* Goal of the exercise
From start to end, write out the following data exactly, apart from its images.

* Exercise input
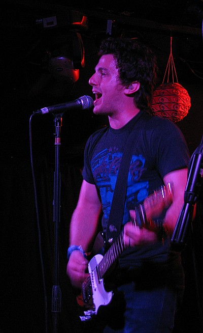 Justin Moore of Ingram Hill at The Saint, Asbury Park, NJ, June 26, 2011.
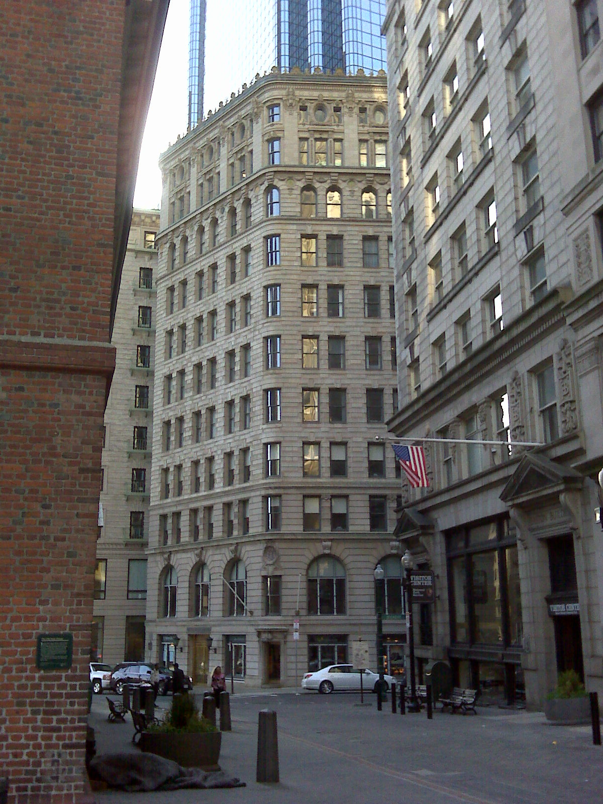 Photograph of the Second Brazer Building located at 25 State Street, Boston Massachusetts, listed on the National Register of Historic Places.
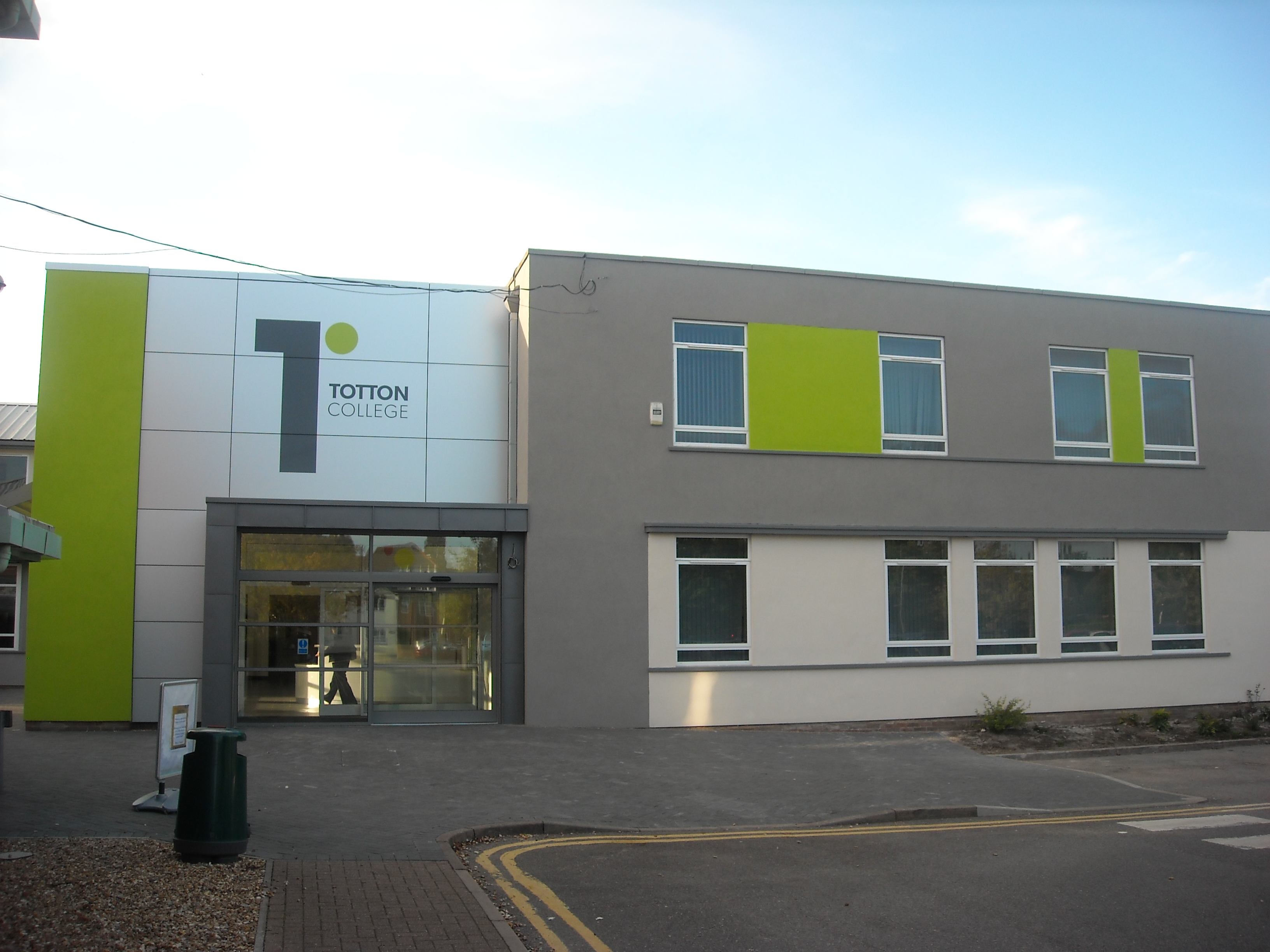 Totton College's main entrance on Water Lane as seen in September 2013 with the notable addition of the new extension.
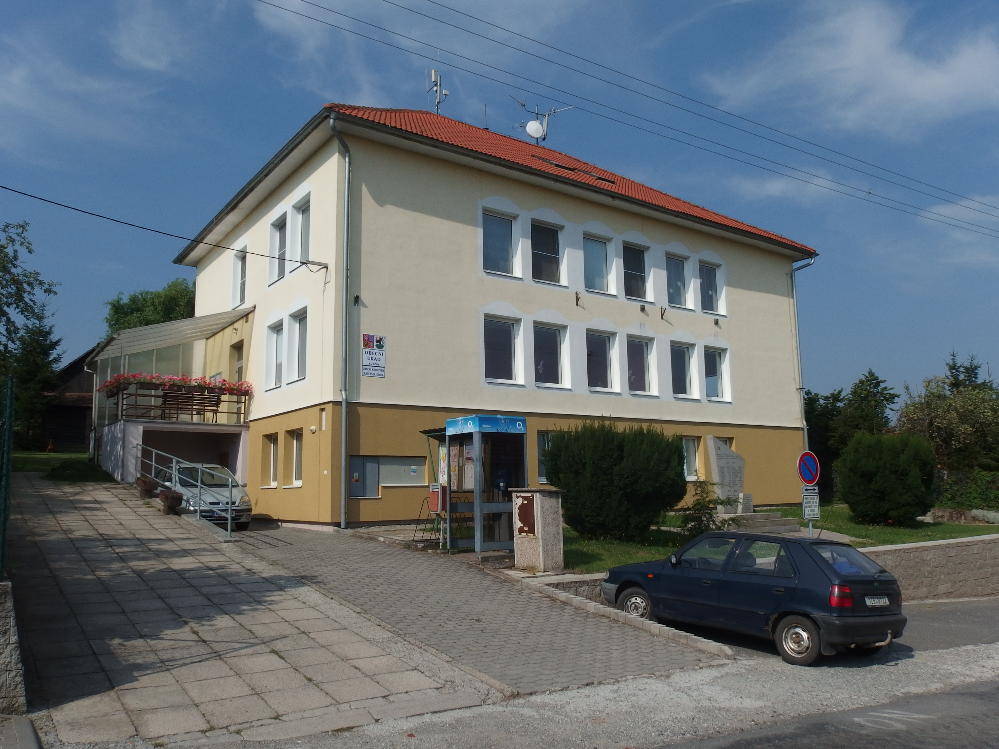 Lubná, Kroměříž District, Czech Republic.
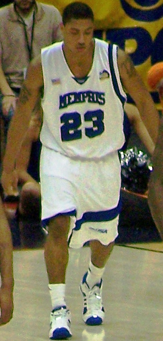 Derrick Rose in the 2008 Final Four game against UCLA.
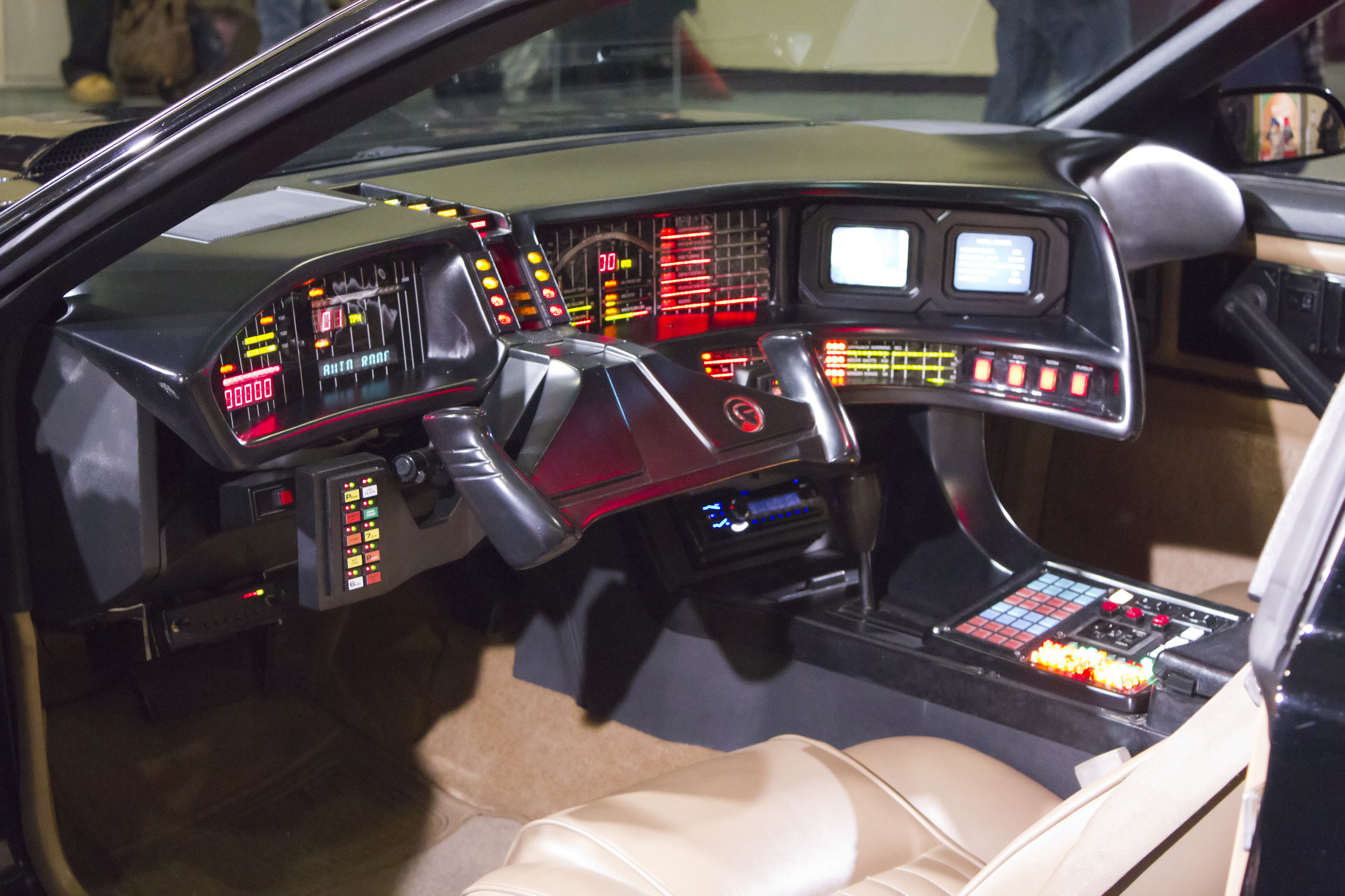 Taken at the 2011 Canadian International Auto Show

* Response to this exercise
 Justin Moore of Ingram Hill at The Saint, Asbury Park, NJ, June 26, 2011.
 Photograph of the Second Brazer Building located at 25 State Street, Boston Massachusetts, listed on the National Register of Historic Places.
 Totton College's main entrance on Water Lane as seen in September 2013 with the notable addition of the new extension.
 Lubná, Kroměříž District, Czech Republic.
 Derrick Rose in the 2008 Final Four game against UCLA.
 Taken at the 2011 Canadian International Auto Show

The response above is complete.